Эти земли принадлежат всем народам, которые их населяют, и в то же время не принадлежат никому из них. На черноморском побережье, как на конечной морене ледника, отложения человеческих миграций накапливались более четырех тысяч лет. Сам берег, выветренный и тихий, говорит о терпении камня, песка и воды, которые повидали много человеческой суеты и переживут ее. Этот голос слышали многие писатели – среди прочих Пушкин и Мицкевич, Лермонтов и Толстой, Анна Ахматова и Осип Мандельштам, – умевшие прислушаться к тихому звучанию и огромному безмолвию Черного моря и соизмерить себя с геологической протяженностью времени. Они на мгновение вышли за пределы собственной жизни, полной опасностей, и приобщились, по словам Константина Паустовского, “к мудрости и простоте”.

Эта книга о Черном море начинается с Крыма. Для этого у меня есть как уважительные причины, так и причины личного свойства. Крымский полуостров был чем‑то вроде подмостков, своеобразной авансценой событий, важных для всего Черноморского региона и населявших его народов. Греки сделали Крым центром своей торговой империи, тысячелетием позже так же поступили итальянцы; здесь в XIX веке разразилась Крымская война, а в XX совершались иные из самых чудовищных преступлений Гитлера и Сталина. Ялтинская конференция, которая прошла на южном конце полуострова в 1945 году, стала кодовым названием раздела Европы во время холодной войны.

Но я начинаю с Крыма еще и потому, что по чистой случайности именно там я впервые увидел Черное море. Ну и, наконец, если любому ребенку показать карту Черного моря, он первым делом инстинктивно ткнет пальцем в эту подвеску, в этот забавный коричневый ярлык, который так грубо налеплен на ровный голубой овал.

От Крыма эта книга отправится во многих направлениях. Это не путеводитель, и я не совершаю в ней кругосветное плавание; например, Турции, Болгарии и Румынии уделено меньше внимания, чем они того заслуживают. Но тот интеллектуальный след, по которому я шел, вел прочь от этих стран – на противоположный край Европы, на север и восток. От Крыма исследование варварства привело меня в Ольвию возле устья Днепра, а оттуда, перепрыгивая через Крым, обратно, к руинам Танаиса и Таны, в дельту реки Дон. Вскоре этот след уперся в загадки национализма и идентичности со всеми их бесстыдными играми теней и зеркальных отражений и со всей их невероятной созидательной силой.
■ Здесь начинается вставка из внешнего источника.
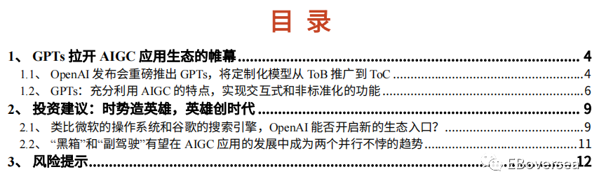 AI生态入口不光为大模型和平台的提供商创造了极大的商业价值,同样赋能了AIGC上下游产业链。GPTs拉开了AIGC应用生态的帷幕,通过将定制化AIGC功能推广到广大ToC用户,促进AIGC应用产品的创新,而具备强大软件研发能力的科技公司则可以吸收这些创作者的想法,开发出功能更完善、商业路径更清晰的AIGC应用,在算力成本进一步降低、大模型性能进一步提升后,有望快速推出AIGC应用并启动飞轮效应。建议关注:

Однако затем след разделился. Одна тропинка повела к казацкому населению Южной России и Украины, в Одессу и в Польшу, другая свернула, и я оказался в Северо-Восточной Турции, где когда‑то жили понтийские греки и по сей день живет крошечная народность лазов. Приведя меня в Керчь для изучения Боспорского царства классических времен, маршрут снова разветвился на два исследования: одно посвящено подлинным историческим сарматам, которые правили в этом регионе на протяжении нескольких веков до и после Рождества Христова, другое – вымышленным, сказочным сарматам, которых национальное воображение поляков назначило отцами-основателями Польши. Однако завершил я свое путешествие в месте отнюдь не воображаемом: в самом молодом из всех черноморских государств – крошечной Абхазии, которая отделилась от Грузии только в 1992 году. Там я попытался соотнести реальность или нереальность абхазской независимости со всем тем, что усвоил по пути к этому моменту.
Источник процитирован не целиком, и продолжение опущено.